FIG. 6 is a schematic diagram as an example of a mobile robot moving through the passage of the three-dimensional warehouse of FIG. 1 of the present embodiment. As shown in FIG. 6, as a traveling confirmation means for a traveling sensor of an unmanned transport vehicle, a floor device for traveling an unmanned transport vehicle configured by laying out a large number of floor panels 8 processed into a small standard size that can be carried in advance. In the case of 1, each floor panel 8 has a first sensor confirmation means (for example, a magnetic tape MT) using orthogonal tape-shaped guides and a second sensor confirmation means (mark) provided at the intersection of the tape-shaped guides. 8) and.

The first sensor confirmation means uses a member that reacts with an optical sensor or a magnetic sensor.
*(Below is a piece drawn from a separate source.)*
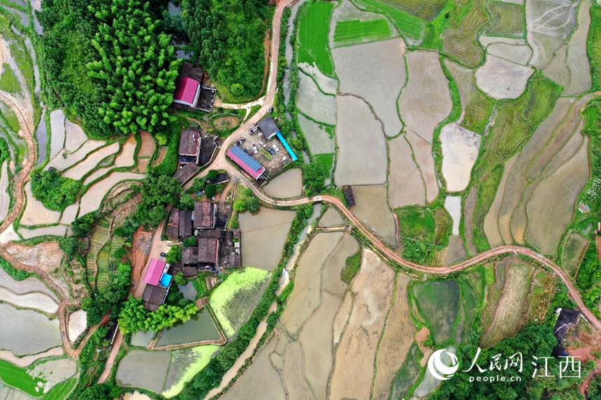 航拍鏡頭下,山間已經整理好的水田波光粼粼。 人民網 時雨攝

The third confirmation means uses a member that reacts with an optical sensor or a magnetic sensor. The second sensor confirmation means is a two-dimensional bar code or an IC tag.

Then, a passage in which a large number of floor panels 8 are laid out is configured on a multi-layered floor, and the aisle is operated as a three-dimensional warehouse in which a single or a plurality of unmanned transfer vehicles move to a shelf position or a work place while traveling on each layer.
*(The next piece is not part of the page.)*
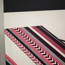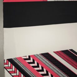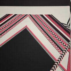 Ova posebna tkanina za ronjenje u dizajnu jerseyja kombinira elastičnost, udobnost i vizualni efekt koji privlači na prvi pogled. Geometrijski uzorak u kontrastnoj crno-bijeloj kombinaciji s izrazitom neonsko ružičastom notom daje tkanini moderan, urbani dodir.

The three-dimensional warehouse has a vertical moving means on which the unmanned transfer vehicle 4 is placed, and the overall control computer 5 controls to store the articles on a predetermined shelf by operating the unmanned transfer vehicle 4 and the vertical moving means.

The three-dimensional warehouse may be configured such that the aisle 8A is formed in a vertical spiral shape and the unmanned transfer vehicle 4 is operated to pick articles while traveling in the aisle 8A.

The unmanned transfer vehicle 4 transfers the article to the vertical moving means, and the overall control computer 5 controls the vertical moving means to move up and down between the passages of the shelves, and transfers the article to another unmanned transfer at the destination shelf passage. Hand over the goods to the car 4.

It is provided with a waiting area where the unmanned transfer vehicle 4 waits. The standby area is equipped with equipment for charging.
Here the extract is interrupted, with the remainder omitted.